Tensorflow入门——卷积神经网络MNIST手写数字识别

in #cn-stem6 years ago

img

Image source: unsplash.com by Paweł Czerwiński

之前的文章我们介绍了如何用单层和多的全连接层神经网络识别手写数字,虽然识别率能够达到98%,但是由于全链接神经网络本身的局限性,其识别率已经很难再往上提升了。我们需要改进神经网络的结构,采用卷积神经网络(CNN)的结构来进一步提高的识别率。

关于CNN的原理,我在之前的文章中已经介绍,这篇文章就不过多赘述,我们直接进入实战阶段。

同样的,为了方便与读者交流,所有的代码都放在了这里:

Repository:

https://github.com/zht007/tensorflow-practice

1. 初始化W和B

卷积神经网络中权重W的shape尤其重要,CNN中的W实际上就是一个四维的filter,这个四维的filter由n个三维filter堆叠而成,n的大小等于输出channel的深度。当然三维filter又是由m个二维filter堆叠的,m的大小等于输入Channel的深度。

动画效果可以参见这里

W的shape为[filter[0], filter[1], input_channel_depth, output_channel_depth]

例如W[6,6,3,4] 表示:二维的filter的size是(6,6), 输入的图片有3个Channel, 输出的图片有4个Channel

偏置B的Shape与output_channel保持一致即可,tensorflow会自动broadcast成正确的维度,B在这里与多层神经网络的的初始化相同。

神经网络的结构一共5层,3层CNN,2层全链接,最后一层与单层神经网络一样,10个神经元输出识别结果:数字是是0-9的概率。

# three convolutional layers with their channel counts, and a
# fully connected layer (the last layer has 10 softmax neurons)
K = 12  # first convolutional layer output depth
L = 24  # second convolutional layer output depth
M = 48  # third convolutional layer
N = 200  # fully connected layer

W1 = tf.Variable(tf.truncated_normal([6,6,1,K], stddev=0.1)) 
B1 = tf.Variable(tf.ones([K])/10)

W2 = tf.Variable(tf.truncated_normal([5,5,K,L], stddev=0.1))
B2 = tf.Variable(tf.ones([L])/10)

W3 = tf.Variable(tf.truncated_normal([4,4,L,M], stddev=0.1))
B3 = tf.Variable(tf.ones([M])/10)

W4 = tf.Variable(tf.truncated_normal([7*7*M,N], stddev=0.1))
B4 = tf.Variable(tf.ones([N])/10)

W5 = tf.Variable(tf.truncated_normal([N, 10], stddev=0.1))
B5 = tf.Variable(tf.zeros([10]))

该部分代码部分参考[2][3] with Apache License 2.0

2. 神经网络搭建

CNN的部分,我们用tensorflow自带的tf.nn.conv2d()方法:

tf.nn.conv2d(
    input,
    filter,
    strides,
    padding,
    use_cudnn_on_gpu=True,
    data_format='NHWC',
    dilations=[1, 1, 1, 1],
    name=None
)

用Tensorflow搭建神经网络的时候注意以下几点:

  1. Padding 这里使用的是'SAME',也就是步长(stride)为1的时候输入与输出图片的shape保持一致。
  2. 这里没有使用Max-Pooling层来"压缩"图片,而是增加stride(第二层和第三层Stride 为2)的方式,效果是一样的。28x28的图片经过两层CNN之后,压缩成了14x14和7x7的图片。
  3. CNN与全连接神经网络连接之前,需要将CNN输出的图片拆开拼接成一维的向量(Flatten or Reshape)。
Y1 = tf.nn.relu(tf.nn.conv2d(X, W1, strides = [1,1,1,1], padding='SAME') + B1)

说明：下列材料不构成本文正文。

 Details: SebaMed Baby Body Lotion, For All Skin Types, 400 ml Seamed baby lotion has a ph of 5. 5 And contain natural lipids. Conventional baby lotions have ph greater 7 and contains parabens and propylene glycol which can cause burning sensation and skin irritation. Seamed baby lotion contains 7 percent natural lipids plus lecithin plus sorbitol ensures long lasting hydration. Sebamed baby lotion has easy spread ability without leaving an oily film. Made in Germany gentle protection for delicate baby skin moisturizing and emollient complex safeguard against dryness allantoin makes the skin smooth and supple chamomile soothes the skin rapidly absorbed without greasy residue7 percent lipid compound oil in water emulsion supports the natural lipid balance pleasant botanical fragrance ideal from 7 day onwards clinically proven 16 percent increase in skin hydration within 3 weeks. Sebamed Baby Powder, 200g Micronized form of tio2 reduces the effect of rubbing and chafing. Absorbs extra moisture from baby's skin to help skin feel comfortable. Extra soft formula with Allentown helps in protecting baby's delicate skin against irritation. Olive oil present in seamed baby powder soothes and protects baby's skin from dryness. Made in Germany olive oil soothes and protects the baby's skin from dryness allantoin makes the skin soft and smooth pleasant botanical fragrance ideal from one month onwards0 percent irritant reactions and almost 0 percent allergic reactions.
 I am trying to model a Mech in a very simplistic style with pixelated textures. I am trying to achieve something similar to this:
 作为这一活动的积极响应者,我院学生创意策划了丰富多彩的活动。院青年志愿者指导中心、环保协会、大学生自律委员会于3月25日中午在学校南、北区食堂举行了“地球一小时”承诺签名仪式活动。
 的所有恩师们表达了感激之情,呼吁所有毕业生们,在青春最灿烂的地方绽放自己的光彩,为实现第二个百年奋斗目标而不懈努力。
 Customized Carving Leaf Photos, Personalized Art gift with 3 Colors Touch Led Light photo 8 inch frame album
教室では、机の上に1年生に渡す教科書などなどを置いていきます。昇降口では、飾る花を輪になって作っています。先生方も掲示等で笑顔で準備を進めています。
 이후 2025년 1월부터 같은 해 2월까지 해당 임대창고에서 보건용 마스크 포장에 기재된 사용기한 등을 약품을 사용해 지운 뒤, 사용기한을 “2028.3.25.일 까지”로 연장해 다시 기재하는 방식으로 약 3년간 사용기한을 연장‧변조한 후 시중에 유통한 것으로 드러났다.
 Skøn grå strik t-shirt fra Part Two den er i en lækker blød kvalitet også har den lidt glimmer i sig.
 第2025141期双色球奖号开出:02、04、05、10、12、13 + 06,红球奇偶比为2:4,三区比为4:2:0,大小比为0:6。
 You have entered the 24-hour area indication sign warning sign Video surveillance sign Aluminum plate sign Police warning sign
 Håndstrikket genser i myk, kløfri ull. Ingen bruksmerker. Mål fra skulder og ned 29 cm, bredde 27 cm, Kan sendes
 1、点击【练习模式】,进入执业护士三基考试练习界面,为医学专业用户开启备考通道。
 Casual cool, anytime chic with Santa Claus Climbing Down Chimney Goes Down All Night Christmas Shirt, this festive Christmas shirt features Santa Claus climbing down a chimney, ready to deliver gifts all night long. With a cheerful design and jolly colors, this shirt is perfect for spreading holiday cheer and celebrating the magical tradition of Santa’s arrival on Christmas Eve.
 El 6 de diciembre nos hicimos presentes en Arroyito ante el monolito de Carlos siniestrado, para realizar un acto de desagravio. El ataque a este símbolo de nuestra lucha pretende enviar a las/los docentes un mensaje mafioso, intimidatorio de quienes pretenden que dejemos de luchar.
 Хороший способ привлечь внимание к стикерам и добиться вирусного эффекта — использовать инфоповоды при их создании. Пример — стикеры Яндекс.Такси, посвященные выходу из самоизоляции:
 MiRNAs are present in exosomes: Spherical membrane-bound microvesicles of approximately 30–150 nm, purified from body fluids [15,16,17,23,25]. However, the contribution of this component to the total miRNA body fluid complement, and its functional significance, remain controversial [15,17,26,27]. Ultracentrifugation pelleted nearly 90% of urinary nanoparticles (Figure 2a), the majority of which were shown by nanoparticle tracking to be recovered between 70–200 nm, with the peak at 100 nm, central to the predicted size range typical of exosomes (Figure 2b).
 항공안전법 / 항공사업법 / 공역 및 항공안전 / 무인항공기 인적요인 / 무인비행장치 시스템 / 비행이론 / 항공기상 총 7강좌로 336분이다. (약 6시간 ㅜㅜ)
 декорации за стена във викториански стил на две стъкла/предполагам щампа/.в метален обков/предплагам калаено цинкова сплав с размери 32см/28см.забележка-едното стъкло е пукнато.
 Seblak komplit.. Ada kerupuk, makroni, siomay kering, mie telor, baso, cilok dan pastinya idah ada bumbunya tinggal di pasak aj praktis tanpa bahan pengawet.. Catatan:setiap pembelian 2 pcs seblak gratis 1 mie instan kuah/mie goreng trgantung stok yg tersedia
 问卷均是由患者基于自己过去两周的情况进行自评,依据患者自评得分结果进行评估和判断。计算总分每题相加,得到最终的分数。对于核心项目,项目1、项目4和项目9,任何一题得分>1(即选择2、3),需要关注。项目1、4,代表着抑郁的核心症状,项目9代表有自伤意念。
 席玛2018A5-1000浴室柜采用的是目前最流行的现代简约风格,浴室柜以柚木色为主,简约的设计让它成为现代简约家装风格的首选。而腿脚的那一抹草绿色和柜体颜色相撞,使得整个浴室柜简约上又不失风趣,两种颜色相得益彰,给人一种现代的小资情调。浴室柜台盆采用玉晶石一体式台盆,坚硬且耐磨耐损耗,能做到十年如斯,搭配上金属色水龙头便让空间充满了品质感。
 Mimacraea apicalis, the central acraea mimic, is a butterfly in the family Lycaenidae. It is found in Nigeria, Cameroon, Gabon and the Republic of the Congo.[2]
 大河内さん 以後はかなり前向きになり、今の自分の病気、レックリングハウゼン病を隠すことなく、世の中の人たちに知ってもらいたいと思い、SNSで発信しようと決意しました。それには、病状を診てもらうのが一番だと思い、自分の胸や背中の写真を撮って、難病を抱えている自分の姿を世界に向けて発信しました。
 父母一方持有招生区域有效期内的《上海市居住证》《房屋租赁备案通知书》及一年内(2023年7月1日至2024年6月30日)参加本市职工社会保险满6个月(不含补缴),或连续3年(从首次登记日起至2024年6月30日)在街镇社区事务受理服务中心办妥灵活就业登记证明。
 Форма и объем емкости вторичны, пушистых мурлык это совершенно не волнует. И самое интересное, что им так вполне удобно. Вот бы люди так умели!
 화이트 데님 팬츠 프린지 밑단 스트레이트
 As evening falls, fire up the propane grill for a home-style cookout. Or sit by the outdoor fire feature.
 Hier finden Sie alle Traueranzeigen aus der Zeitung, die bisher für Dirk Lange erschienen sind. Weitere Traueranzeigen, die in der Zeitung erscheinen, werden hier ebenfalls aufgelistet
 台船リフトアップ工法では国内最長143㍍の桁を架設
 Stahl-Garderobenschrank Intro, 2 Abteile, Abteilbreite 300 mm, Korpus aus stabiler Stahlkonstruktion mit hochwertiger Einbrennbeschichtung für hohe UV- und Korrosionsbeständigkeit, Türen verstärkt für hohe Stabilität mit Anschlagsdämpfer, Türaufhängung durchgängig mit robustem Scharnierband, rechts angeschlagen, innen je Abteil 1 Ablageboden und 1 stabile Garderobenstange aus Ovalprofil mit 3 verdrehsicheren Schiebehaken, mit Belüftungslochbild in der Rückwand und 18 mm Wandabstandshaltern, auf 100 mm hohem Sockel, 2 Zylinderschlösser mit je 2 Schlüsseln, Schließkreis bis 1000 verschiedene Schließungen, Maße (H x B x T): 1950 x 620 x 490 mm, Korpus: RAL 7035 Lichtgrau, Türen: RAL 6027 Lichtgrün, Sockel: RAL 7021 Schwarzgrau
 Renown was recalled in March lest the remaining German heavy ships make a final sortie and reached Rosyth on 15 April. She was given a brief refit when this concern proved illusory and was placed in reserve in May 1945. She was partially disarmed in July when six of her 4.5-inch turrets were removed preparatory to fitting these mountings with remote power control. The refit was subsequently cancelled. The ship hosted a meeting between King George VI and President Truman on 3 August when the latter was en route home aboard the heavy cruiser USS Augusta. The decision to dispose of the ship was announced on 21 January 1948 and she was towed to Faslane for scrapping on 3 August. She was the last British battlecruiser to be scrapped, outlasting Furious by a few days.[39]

Y2 = tf.nn.relu(tf.nn.conv2d(Y1,W2, strides = [1,2,2,1], padding='SAME') + B2)

Y3 = tf.nn.relu(tf.nn.conv2d(Y2,W3, strides = [1,2,2,1], padding='SAME') + B3)

#flat the inputs for the fully connected nn
YY3 = tf.reshape(Y3, shape = (-1,7*7*M))
                

Y4 = tf.nn.relu(tf.matmul(YY3, W4) + B4)
Y4d = tf.nn.dropout(Y4,rate = drop_rate)

Ylogits = tf.matmul(Y4d, W5) + B5
Y = tf.nn.softmax(Ylogits)

该部分代码部分参考[2][3] with Apache License 2.0

3. 识别效果

在其他参数都没改变的情况下,仅仅改变了神经网络的结构,可以看出识别率已经超出99%了。

image-20190402143453530

目前我通过CNN的神经网络训练出来的分类器参加Kaggle的比赛,最好成绩是识别率99.3,全球排名第792名。

image-20190402144054498

4. CNN结构的Keras实现

如果用Keras这个高级的API搭建CNN就更加简单了,无需初始化W和B,只需要关心神经网络的结构本身就行了。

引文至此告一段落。